HBJ File Photo State budget chief Ben Barnes (left) with Gov. Dannel P. Malloy.

Ben Barnes, who has overseen Connecticut’s budget as the secretary of the Office of Policy and Management from the first days of Gov. Dannel P. Malloy’s administration, is on a short list of candidates interviewed for the vacant post of chief financial officer at the state’s system of community colleges and regional universities.

Sources familiar with the search process say Barnes, a political appointee who could expect to depart the Capitol with the governor’s other top aides in January, is one of the candidates under consideration to succeed Erika Steiner, who is departing as the top fiscal officer for the Board of Regents for Higher Education.

Barnes, 50, who has spent most of his professional life in public finance and government, is well-regarded for his command of budget issues, even while becoming the fiscal voice of a controversial administration that has sparred with lawmakers over how to stabilize Connecticut’s economy and finances.

The power to hire the new finance officer rests with Mark Ojakian, who was the governor’s chief of staff before becoming president of the 90,000-student Connecticut State Colleges and University system, which includes all of public higher education except the University of Connecticut. Candidates are being screened by a search committee.

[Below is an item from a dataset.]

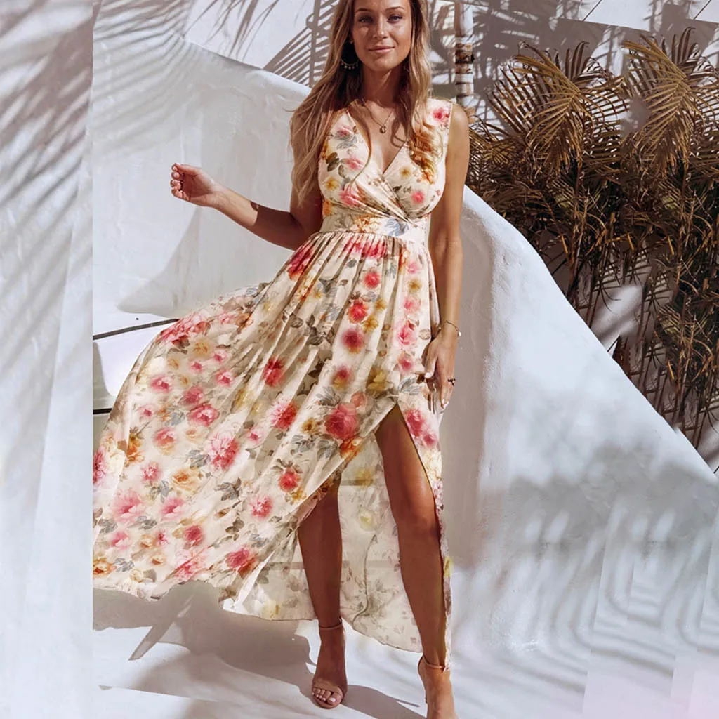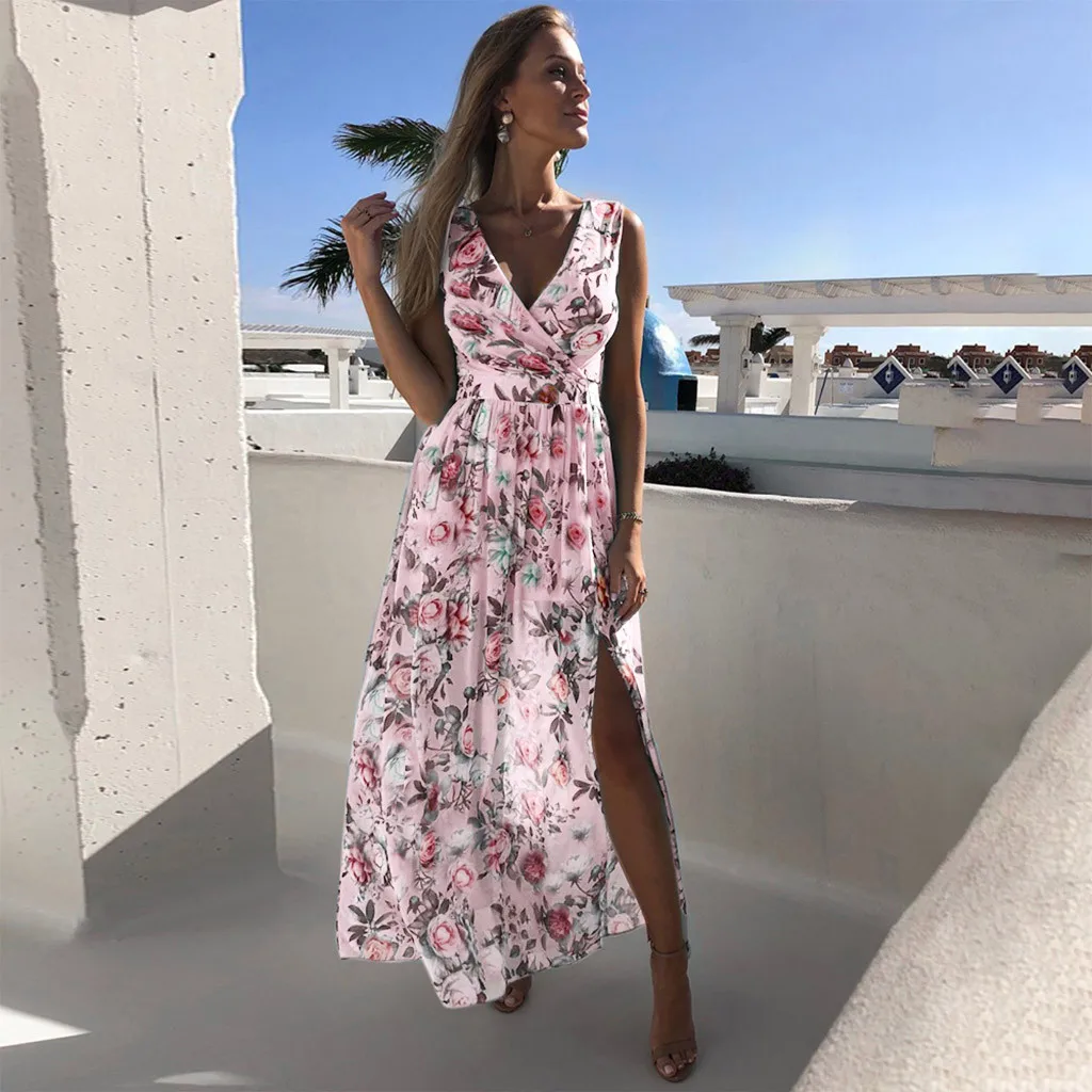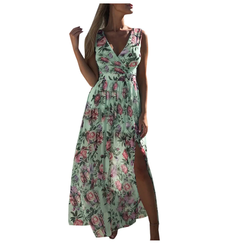 3. V-образный вырезБез рукавов, с запахом спереди, с цветочным принтом, с разрезом по бокам. Он имеет vОчень лестно обрезается на теле,Покажите свои изгибы с шармом. АTtractive style делает вас очаровательной и сексуальной.
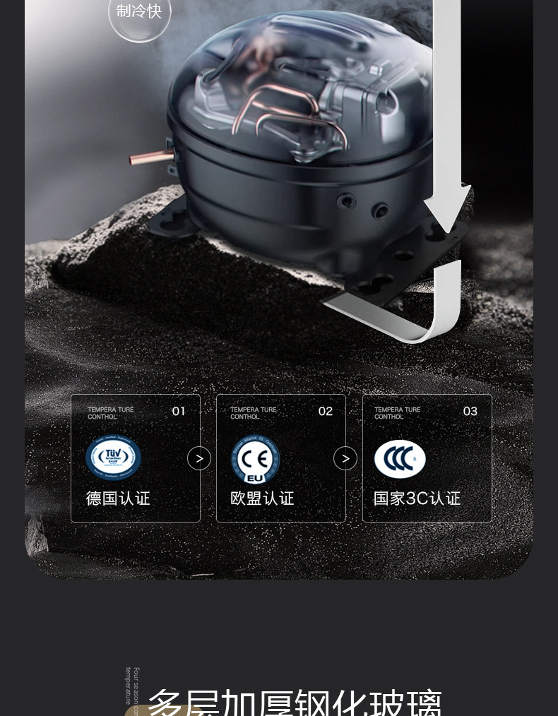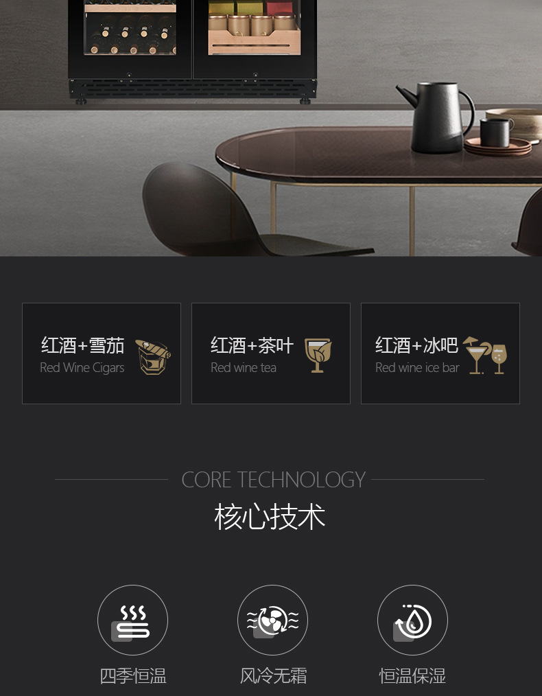 • 이중 온도 레드 와인 아이스 바 블랙 깊이 680mm

Maribel La Luz, a spokeswoman for the system, said the search process has been competitive, open and led by campus representatives and others with higher education financial experience. “The committee has identified several impressive and diverse candidates who will eventually be interviewed by a number of CSCU stakeholders,” she said.

If hired, Barnes could leave the administration for the new post as soon as Nov. 1, joining the governor’s legal counsel, Karen Buffkin, and tax commissioner, Kevin B. Sullivan, among the top officials to find new jobs in recent months. Malloy announced in April 2017 he would not be seeking a third term as governor.

Steiner currently earns just over $204,000 per year while Barnes’ annual salary as OPM secretary is $209,439, according to the state’s Open Payroll website. Ten years of state service is needed to qualify for a full retirement package that includes both a pension and healthcare benefits. Barnes has accrued seven years and eight months of service toward a full state pension and retirement healthcare.

Ojakian declined to comment on the search, how many people are being interviewed, or about his former colleague’s prospects.

Buffkin, the governor’s general counsel since 2014, left in late July to become executive director of employee relations at the University of Connecticut. Sullivan stepped down in early May as commissioner of the Department of Revenue Services to take a post with Verus Analytics, a private firm that helps tax agencies maximize collections.

Malloy inherited one of the largest projected deficits in modern Connecticut history. Outgoing Republican Gov. M. Jodi Rell and the 2010 legislature used expiring federal stimulus aid, the state’s entire $1.4 billion emergency reserve, numerous smaller account raids, and $1 billion in borrowing to prop up billions of dollars in ongoing programs and services.

State finances, unless adjusted, were on pace to run almost $3.7 billion in the red during Malloy’s first year in office, a shortfall greater than 18 percent of the General Fund.

Barnes played a key role in implementing cost-savings tied to major union concessions deals in 2011 and 2017. The latter agreement contains several provisions that will remain in effect for two more fiscal years after the November election, and unionized employees within the regents’ system are among those participating in the concessions plan.

Barnes spent most of the two decades prior to OPM connected to municipal government, first as a fiscal policy expert for the Connecticut Conference of Municipalities and then as a planner for the cities of Hartford and St. Petersburg, Fla., where he was raised.

Barnes held three administrative posts in Stamford between 2000 and 2009 during Malloy’s tenure as mayor of that city, including serving as director of operations. Barnes’ last post in municipal government was in 2010, when he served as operating Officer for the Bridgeport Public Schools, overseeing the school system’s facilities, transportation, technology and a $215 million budget.